*** Begin section ***

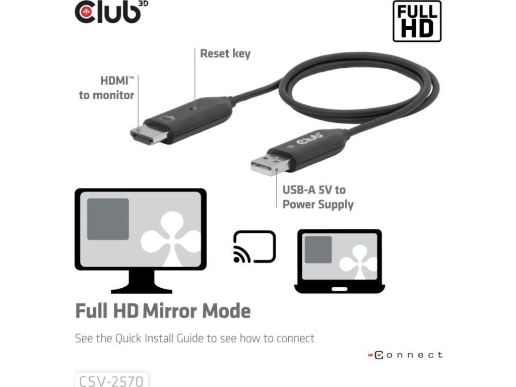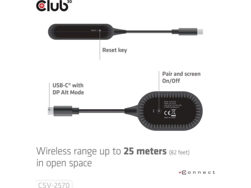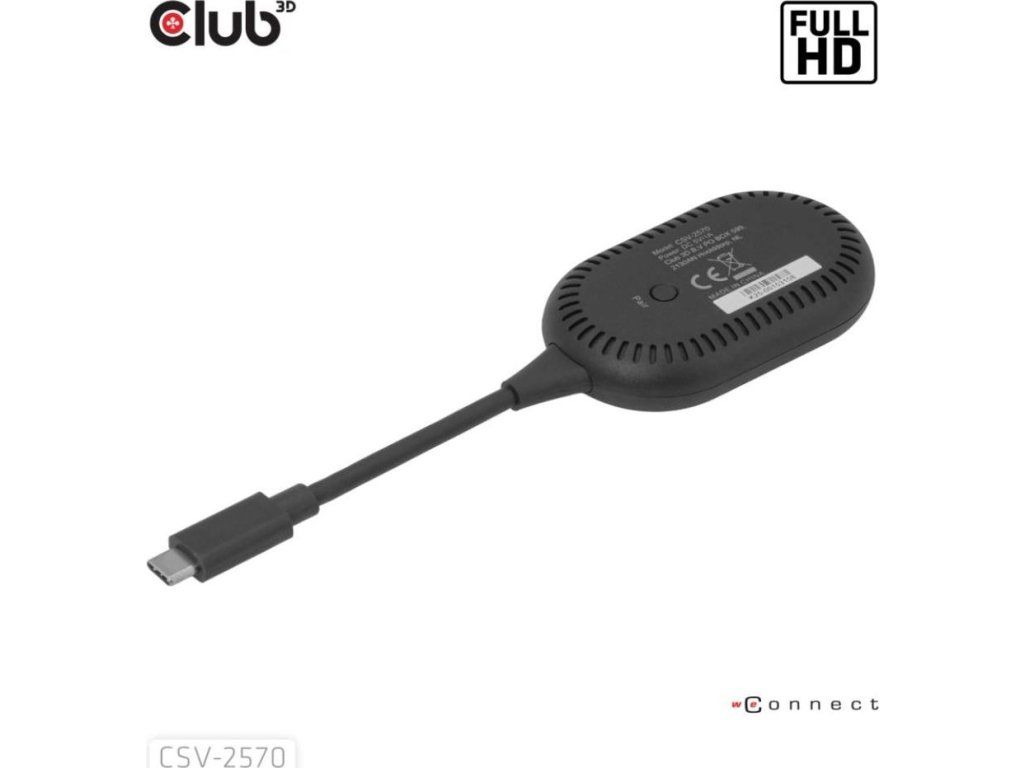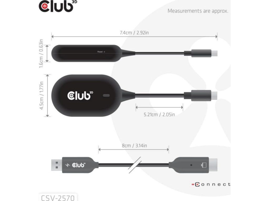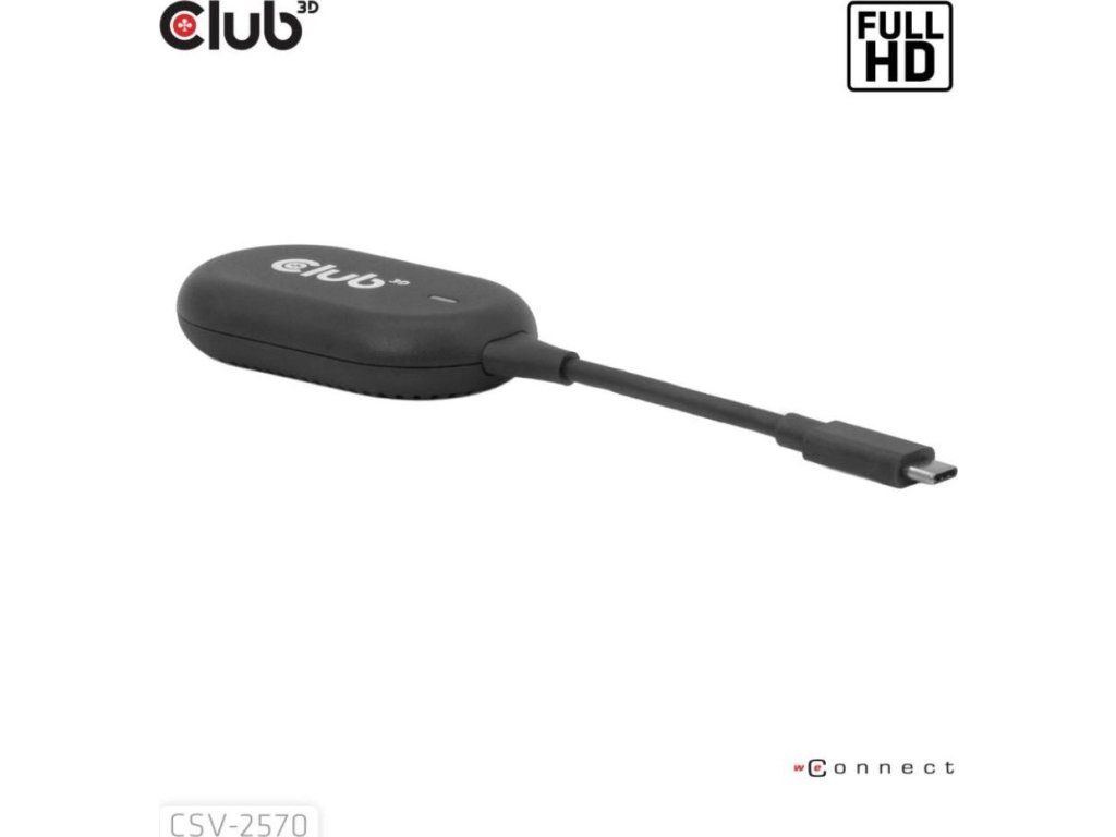 Club 3D CSV-2570 je prvé bezdrôtové zariadenie s technológiou HDMI. Pomocou vysielača a prijímača bezdrátovo prenáša video a zvuk vo FullHD kvalite z zariadenia s USB-C na HDMI displeje.
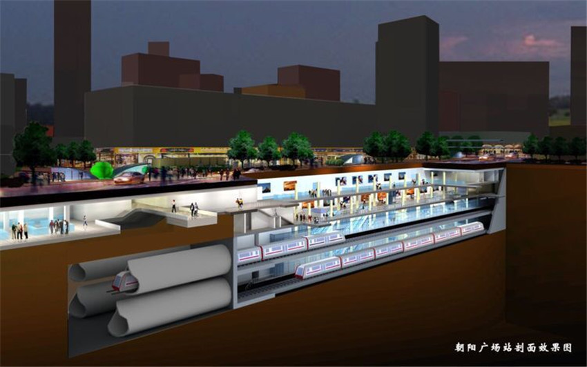 ▲南寧地鐵1號(hào)線朝陽(yáng)廣場(chǎng)站剖面效果圖
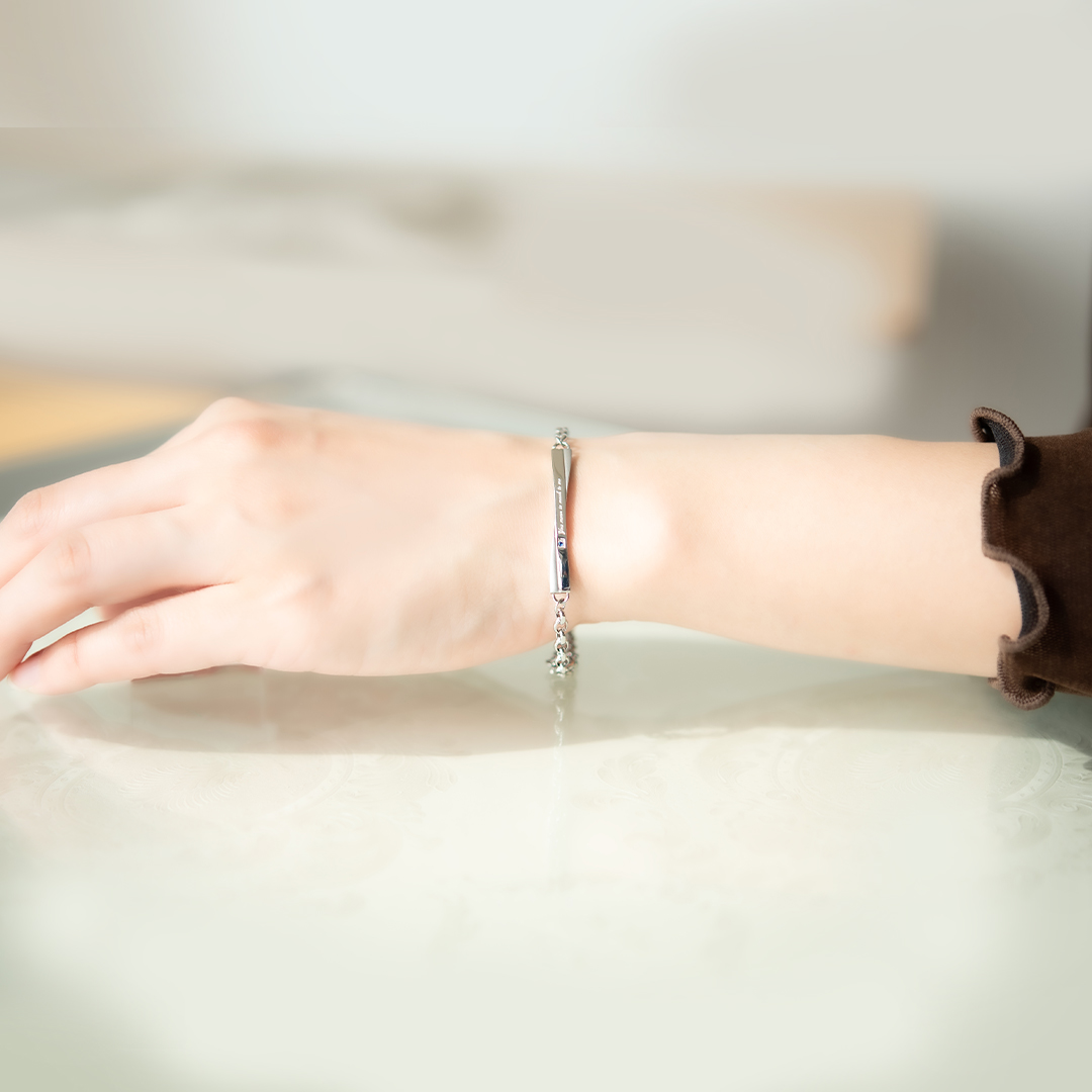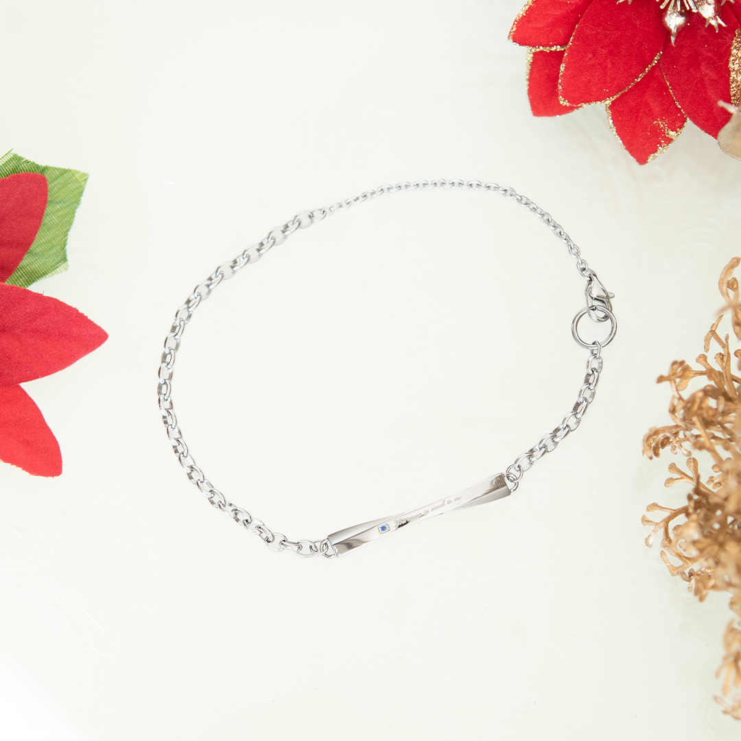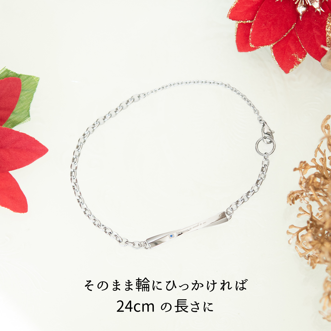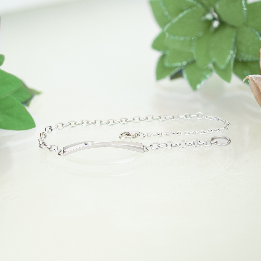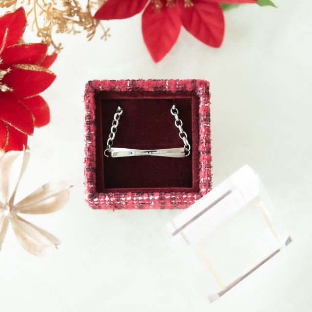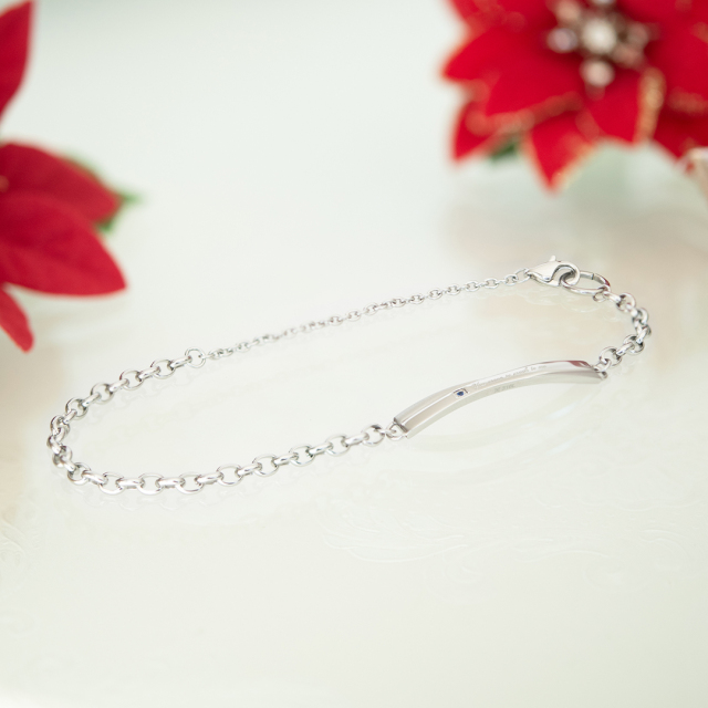 シンプルなデザインのプレートにブルーキュービックジルコニアとさりげなくメッセージを添えて。

*** End section ***

* **Activity**: Please reproduce all the material exactly. Pictures stay out of the copy.

* **Response to this task**:
 Club 3D CSV-2570 je prvé bezdrôtové zariadenie s technológiou HDMI. Pomocou vysielača a prijímača bezdrátovo prenáša video a zvuk vo FullHD kvalite z zariadenia s USB-C na HDMI displeje.
 ▲南寧地鐵1號(hào)線朝陽(yáng)廣場(chǎng)站剖面效果圖
 シンプルなデザインのプレートにブルーキュービックジルコニアとさりげなくメッセージを添えて。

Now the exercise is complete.